* [Dataset excerpt]
────────────────────
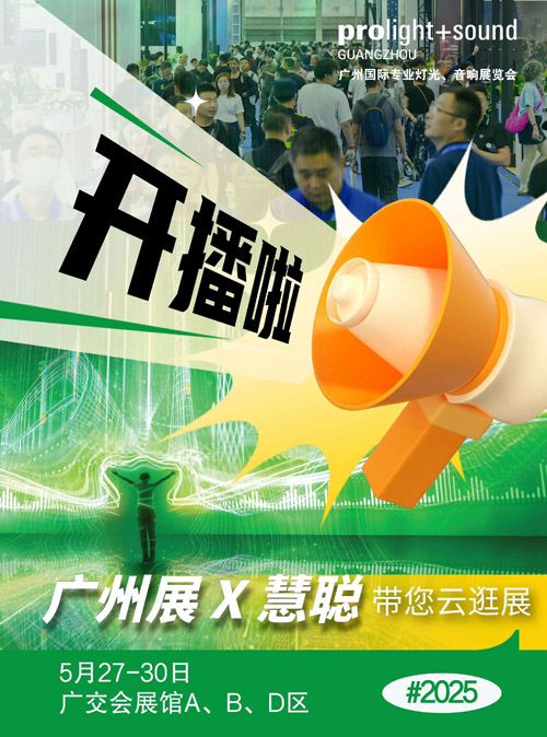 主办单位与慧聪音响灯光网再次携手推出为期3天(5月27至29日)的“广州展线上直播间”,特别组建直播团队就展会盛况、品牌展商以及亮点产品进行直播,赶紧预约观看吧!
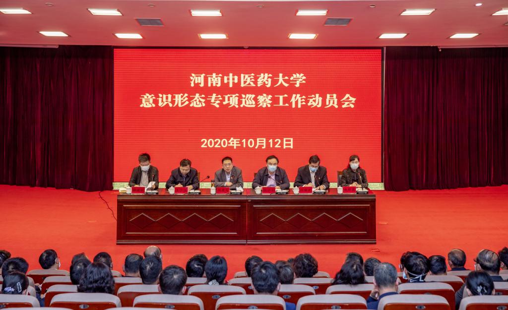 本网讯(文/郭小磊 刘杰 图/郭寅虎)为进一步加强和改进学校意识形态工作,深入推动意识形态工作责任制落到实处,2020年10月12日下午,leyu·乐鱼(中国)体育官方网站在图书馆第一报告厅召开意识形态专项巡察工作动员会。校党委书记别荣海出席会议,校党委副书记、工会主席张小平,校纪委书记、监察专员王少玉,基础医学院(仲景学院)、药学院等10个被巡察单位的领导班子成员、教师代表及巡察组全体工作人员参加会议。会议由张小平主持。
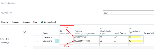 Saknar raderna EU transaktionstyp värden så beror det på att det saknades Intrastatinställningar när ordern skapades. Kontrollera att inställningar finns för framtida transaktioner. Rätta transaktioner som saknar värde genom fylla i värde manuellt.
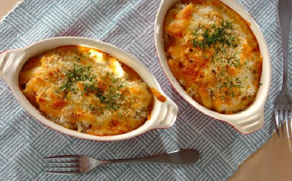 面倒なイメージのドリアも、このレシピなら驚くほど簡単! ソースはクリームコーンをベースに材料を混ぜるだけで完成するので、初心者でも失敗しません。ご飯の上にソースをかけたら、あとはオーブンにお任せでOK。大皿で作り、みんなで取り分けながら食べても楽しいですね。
────────────────────
* [Directions for this task] Each line of the material is to be output exactly. Images are not part of the expected output.

* [Response for this exercise]
 主办单位与慧聪音响灯光网再次携手推出为期3天(5月27至29日)的“广州展线上直播间”,特别组建直播团队就展会盛况、品牌展商以及亮点产品进行直播,赶紧预约观看吧!
 本网讯(文/郭小磊 刘杰 图/郭寅虎)为进一步加强和改进学校意识形态工作,深入推动意识形态工作责任制落到实处,2020年10月12日下午,leyu·乐鱼(中国)体育官方网站在图书馆第一报告厅召开意识形态专项巡察工作动员会。校党委书记别荣海出席会议,校党委副书记、工会主席张小平,校纪委书记、监察专员王少玉,基础医学院(仲景学院)、药学院等10个被巡察单位的领导班子成员、教师代表及巡察组全体工作人员参加会议。会议由张小平主持。
 Saknar raderna EU transaktionstyp värden så beror det på att det saknades Intrastatinställningar när ordern skapades. Kontrollera att inställningar finns för framtida transaktioner. Rätta transaktioner som saknar värde genom fylla i värde manuellt.
 面倒なイメージのドリアも、このレシピなら驚くほど簡単! ソースはクリームコーンをベースに材料を混ぜるだけで完成するので、初心者でも失敗しません。ご飯の上にソースをかけたら、あとはオーブンにお任せでOK。大皿で作り、みんなで取り分けながら食べても楽しいですね。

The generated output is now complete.